== Segment start ==

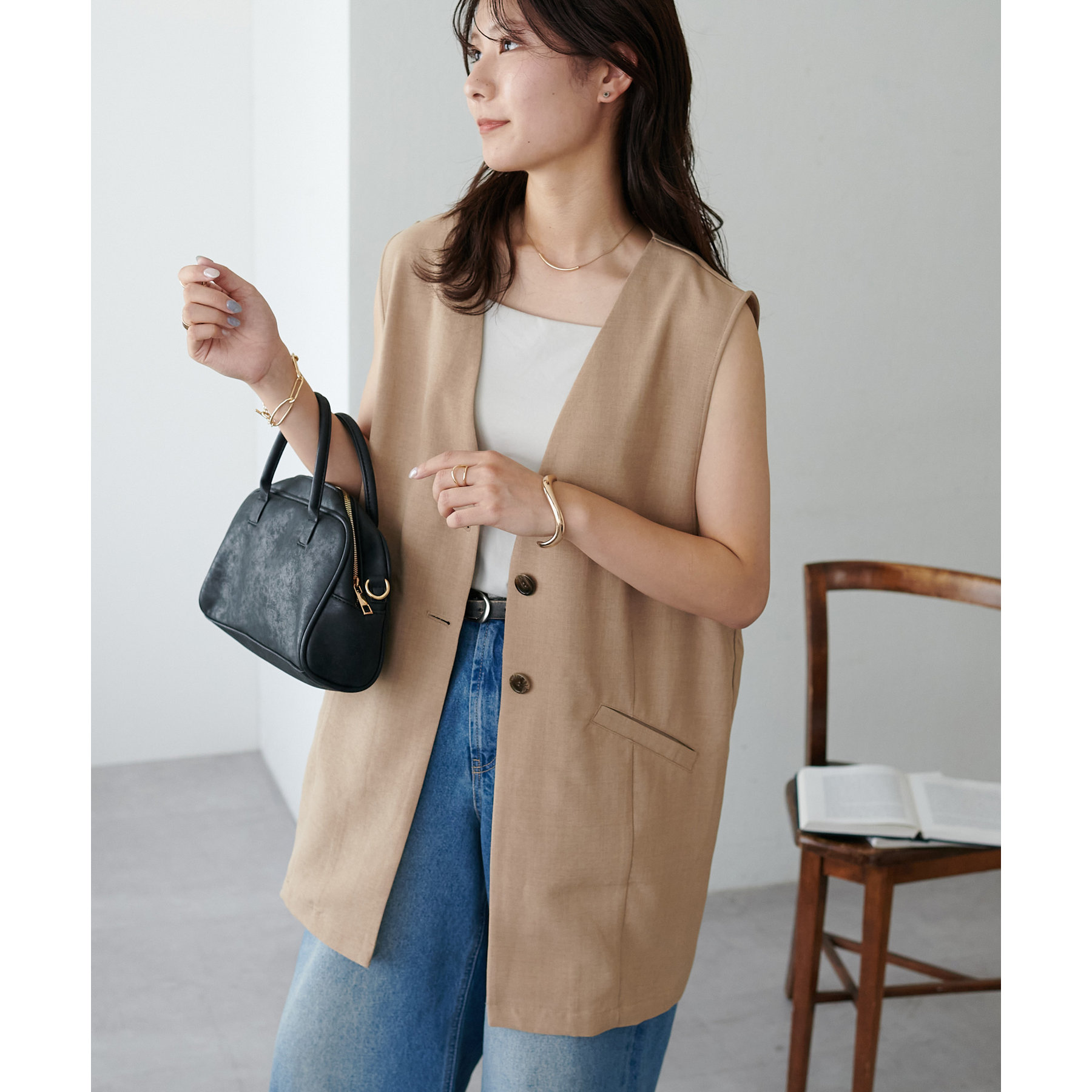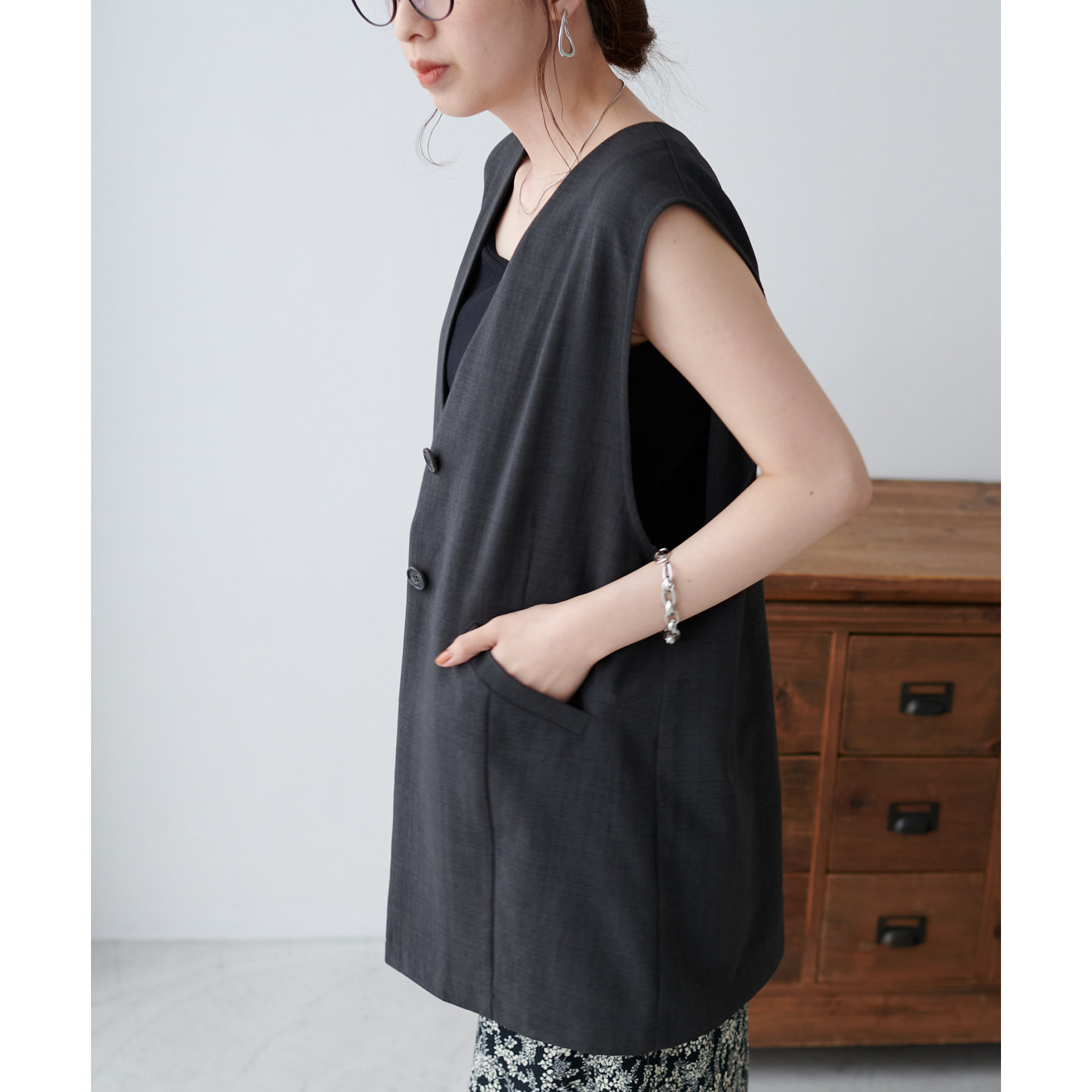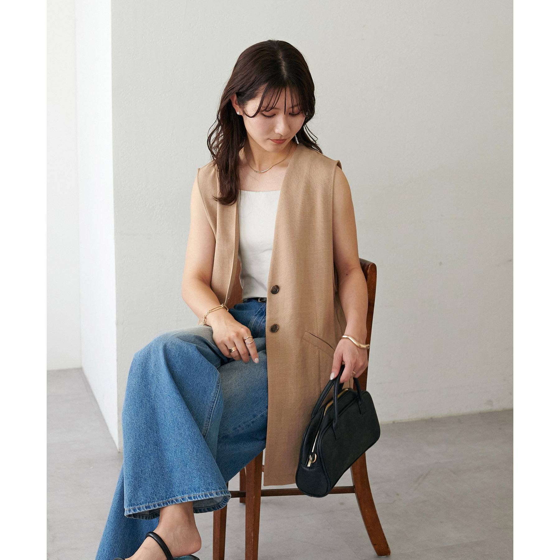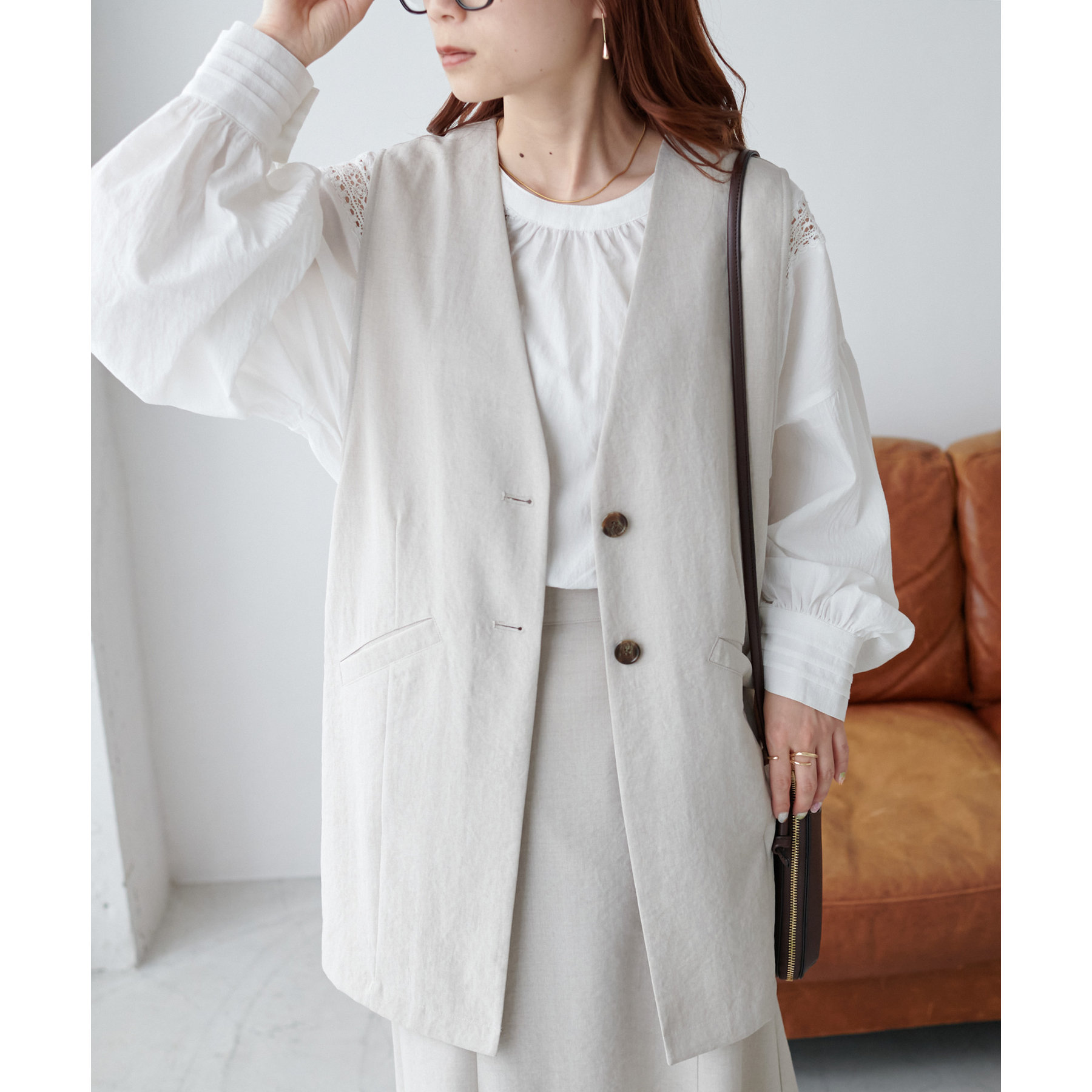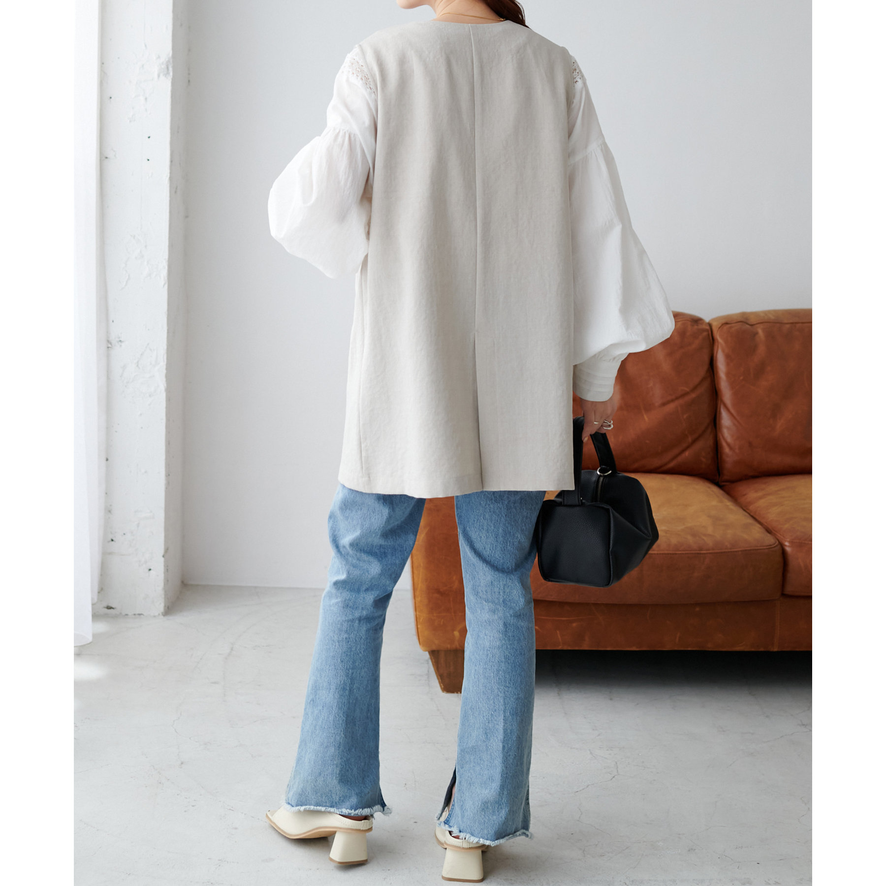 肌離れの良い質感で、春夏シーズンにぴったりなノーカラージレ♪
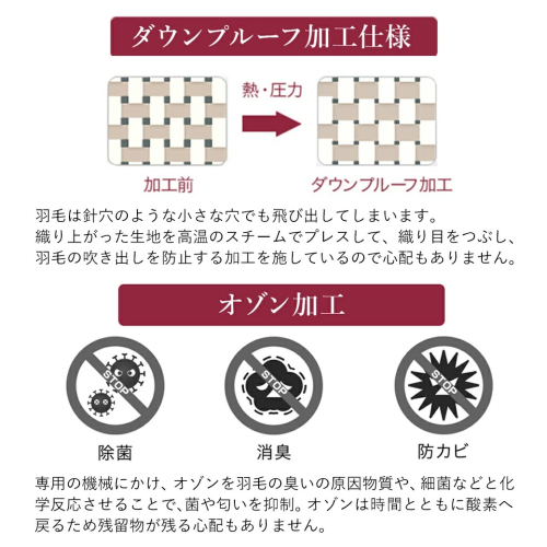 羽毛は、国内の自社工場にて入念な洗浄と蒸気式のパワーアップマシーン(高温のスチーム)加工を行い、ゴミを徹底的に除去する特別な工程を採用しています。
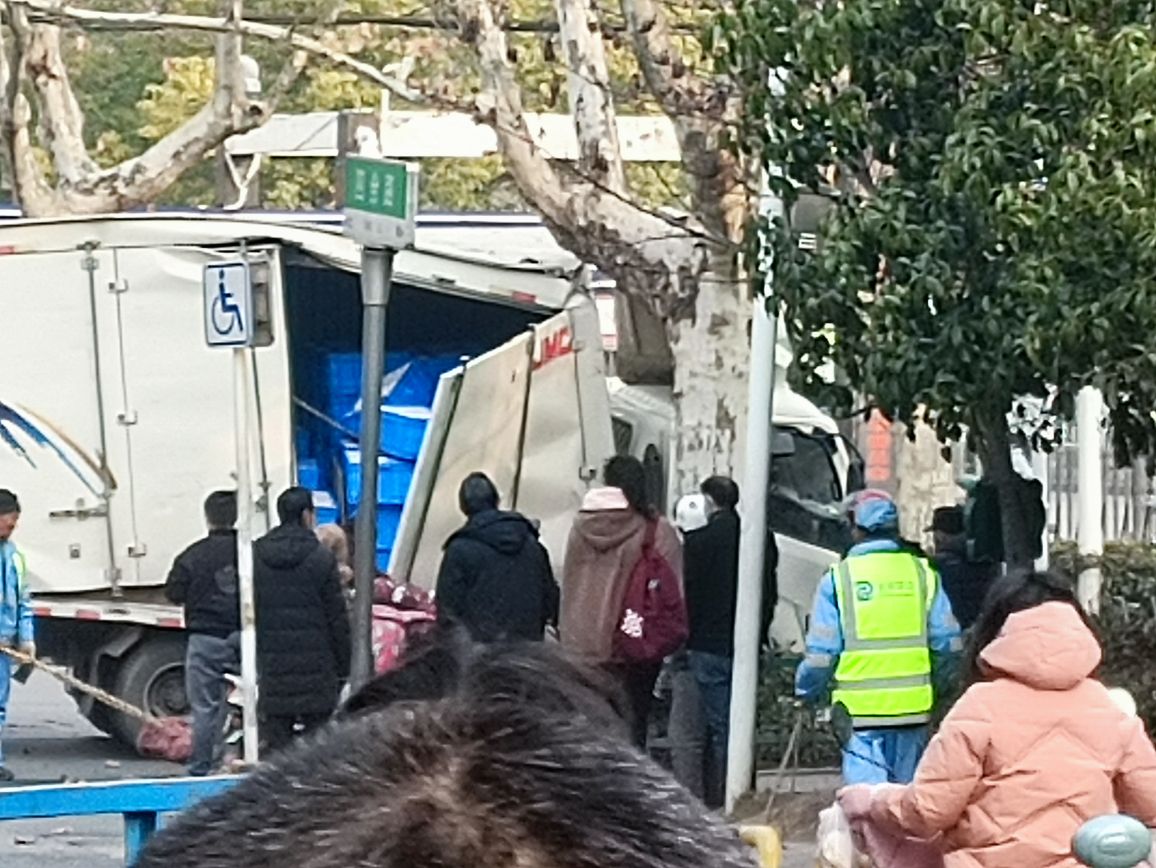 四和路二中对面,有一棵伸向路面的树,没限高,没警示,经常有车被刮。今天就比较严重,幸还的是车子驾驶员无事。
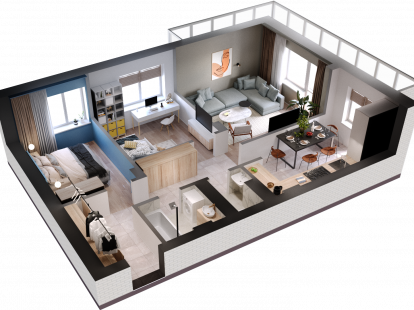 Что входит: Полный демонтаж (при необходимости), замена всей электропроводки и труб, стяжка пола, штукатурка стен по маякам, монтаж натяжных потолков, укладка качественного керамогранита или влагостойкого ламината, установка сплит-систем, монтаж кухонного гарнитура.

== Segment end ==

Would you write out all of the data exactly as it stands, without the pictures?

## Expected output:
 肌離れの良い質感で、春夏シーズンにぴったりなノーカラージレ♪
 羽毛は、国内の自社工場にて入念な洗浄と蒸気式のパワーアップマシーン(高温のスチーム)加工を行い、ゴミを徹底的に除去する特別な工程を採用しています。
 四和路二中对面,有一棵伸向路面的树,没限高,没警示,经常有车被刮。今天就比较严重,幸还的是车子驾驶员无事。
 Что входит: Полный демонтаж (при необходимости), замена всей электропроводки и труб, стяжка пола, штукатурка стен по маякам, монтаж натяжных потолков, укладка качественного керамогранита или влагостойкого ламината, установка сплит-систем, монтаж кухонного гарнитура.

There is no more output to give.